▸ **The task**
Find the line with "Джинсы для девочки." in the entries below, then reproduce it and every line after it down to and including the line with "ID: The book", exactly.

▸ **Input data**
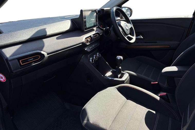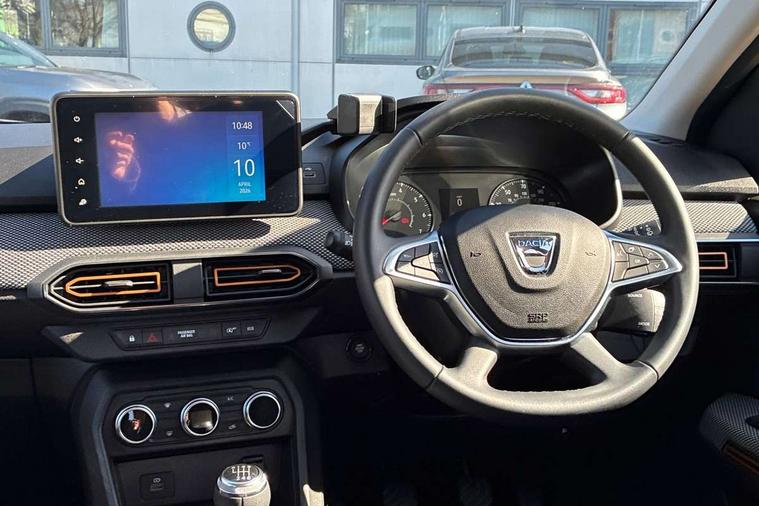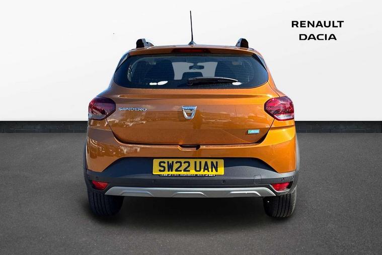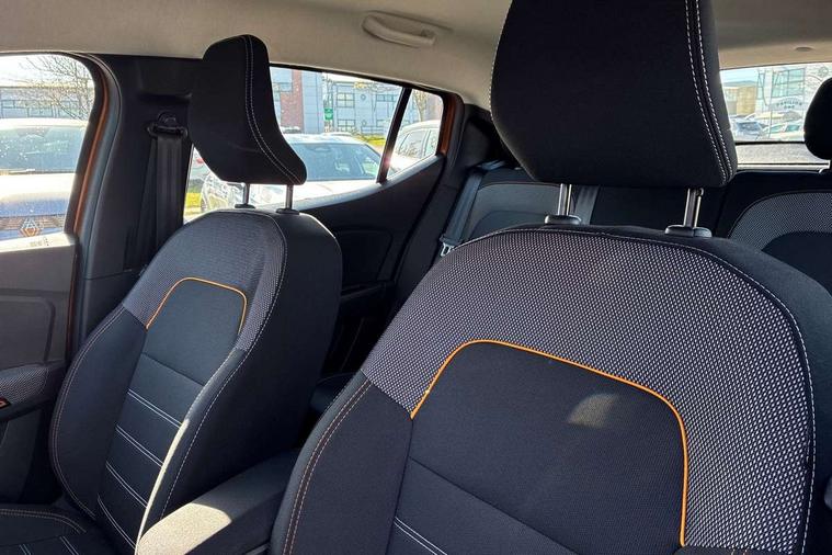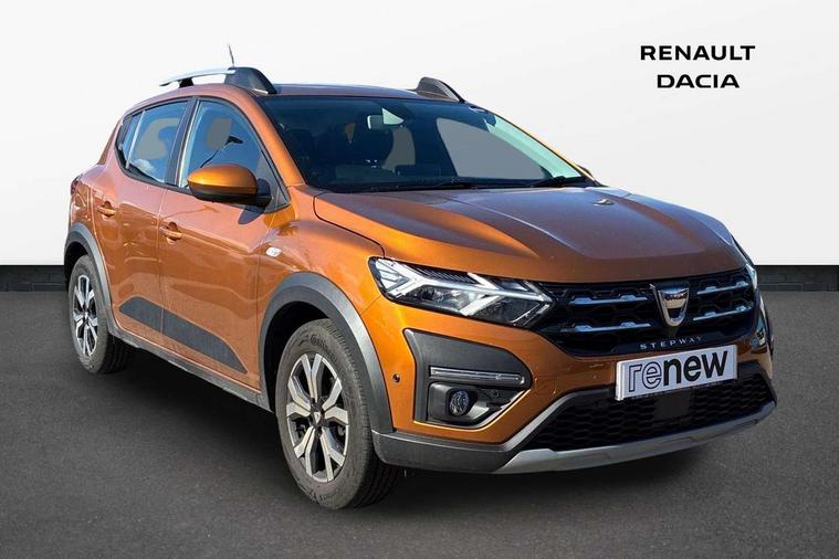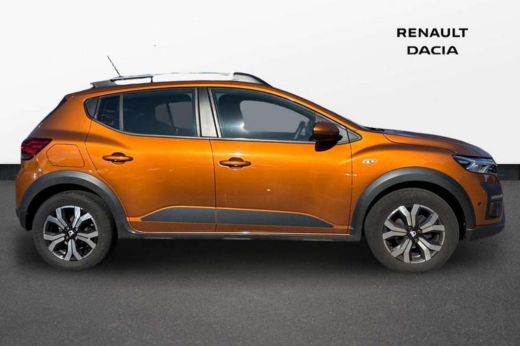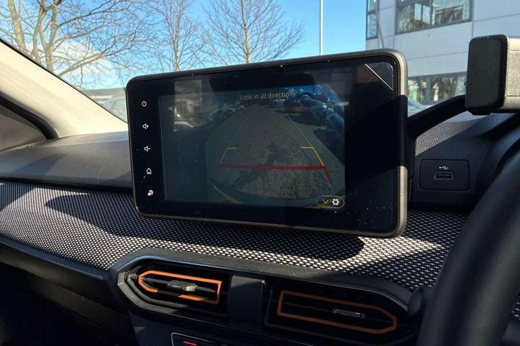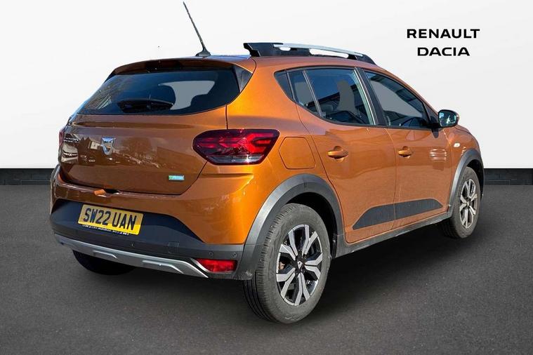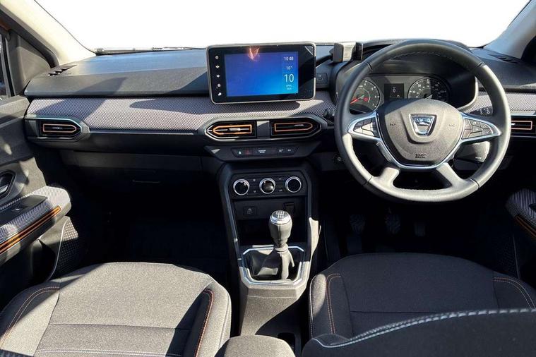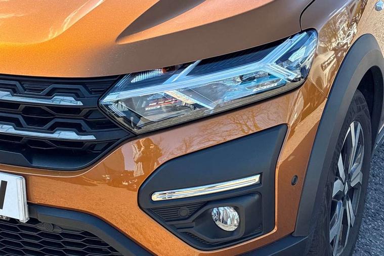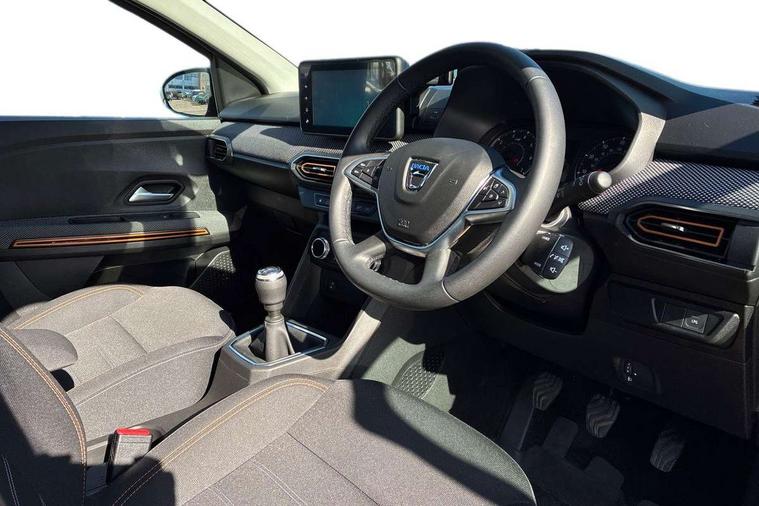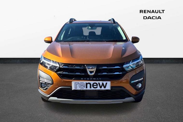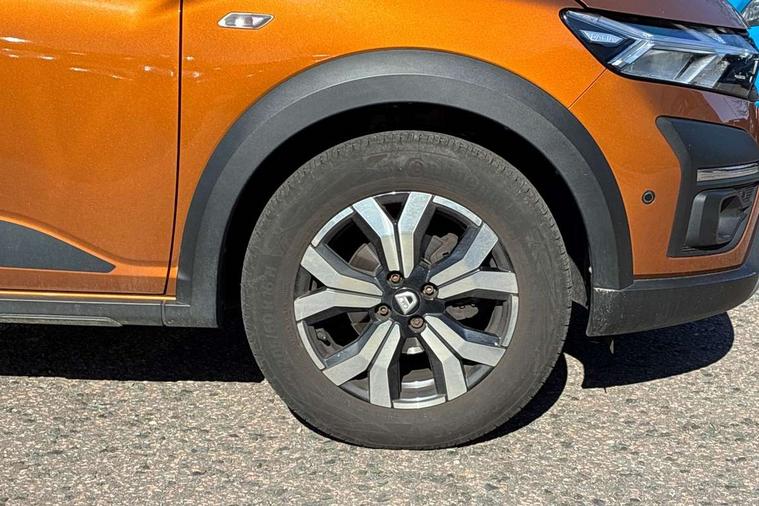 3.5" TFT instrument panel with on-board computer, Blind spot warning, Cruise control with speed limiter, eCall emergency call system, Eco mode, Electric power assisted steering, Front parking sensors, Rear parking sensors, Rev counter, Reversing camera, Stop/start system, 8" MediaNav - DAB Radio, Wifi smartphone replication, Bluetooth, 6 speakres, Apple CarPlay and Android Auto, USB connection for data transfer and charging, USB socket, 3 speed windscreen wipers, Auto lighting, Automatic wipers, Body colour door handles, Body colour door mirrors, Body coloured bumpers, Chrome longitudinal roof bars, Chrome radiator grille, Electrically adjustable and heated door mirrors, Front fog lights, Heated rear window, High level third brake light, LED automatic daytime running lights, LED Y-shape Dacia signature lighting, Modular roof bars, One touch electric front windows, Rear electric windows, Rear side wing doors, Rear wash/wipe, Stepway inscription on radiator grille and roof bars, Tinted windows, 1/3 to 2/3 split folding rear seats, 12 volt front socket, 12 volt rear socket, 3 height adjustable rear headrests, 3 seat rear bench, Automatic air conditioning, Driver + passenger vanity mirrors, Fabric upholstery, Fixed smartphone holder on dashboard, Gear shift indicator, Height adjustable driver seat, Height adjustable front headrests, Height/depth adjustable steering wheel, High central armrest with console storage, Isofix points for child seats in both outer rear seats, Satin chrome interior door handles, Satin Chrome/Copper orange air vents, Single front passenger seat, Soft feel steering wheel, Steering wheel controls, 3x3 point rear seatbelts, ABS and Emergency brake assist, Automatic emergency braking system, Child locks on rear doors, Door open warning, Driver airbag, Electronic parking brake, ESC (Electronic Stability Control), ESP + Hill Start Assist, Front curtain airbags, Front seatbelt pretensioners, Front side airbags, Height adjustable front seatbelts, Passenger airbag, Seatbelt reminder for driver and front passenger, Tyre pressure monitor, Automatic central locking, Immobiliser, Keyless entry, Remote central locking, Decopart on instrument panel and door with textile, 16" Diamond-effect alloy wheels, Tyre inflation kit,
---
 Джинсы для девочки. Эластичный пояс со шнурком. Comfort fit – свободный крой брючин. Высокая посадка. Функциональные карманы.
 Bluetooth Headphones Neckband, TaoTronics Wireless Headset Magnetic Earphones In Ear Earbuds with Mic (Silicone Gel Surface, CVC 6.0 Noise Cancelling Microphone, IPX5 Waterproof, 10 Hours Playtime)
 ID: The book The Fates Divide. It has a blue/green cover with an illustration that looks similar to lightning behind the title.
---
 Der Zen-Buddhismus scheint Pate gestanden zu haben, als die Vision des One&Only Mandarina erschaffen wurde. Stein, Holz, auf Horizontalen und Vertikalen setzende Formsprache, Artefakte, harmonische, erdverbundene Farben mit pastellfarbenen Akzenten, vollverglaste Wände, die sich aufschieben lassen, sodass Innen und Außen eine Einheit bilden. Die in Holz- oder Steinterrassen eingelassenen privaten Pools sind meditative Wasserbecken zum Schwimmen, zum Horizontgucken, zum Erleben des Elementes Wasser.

▸ **Response below**
 Джинсы для девочки. Эластичный пояс со шнурком. Comfort fit – свободный крой брючин. Высокая посадка. Функциональные карманы.
 Bluetooth Headphones Neckband, TaoTronics Wireless Headset Magnetic Earphones In Ear Earbuds with Mic (Silicone Gel Surface, CVC 6.0 Noise Cancelling Microphone, IPX5 Waterproof, 10 Hours Playtime)
 ID: The book The Fates Divide. It has a blue/green cover with an illustration that looks similar to lightning behind the title.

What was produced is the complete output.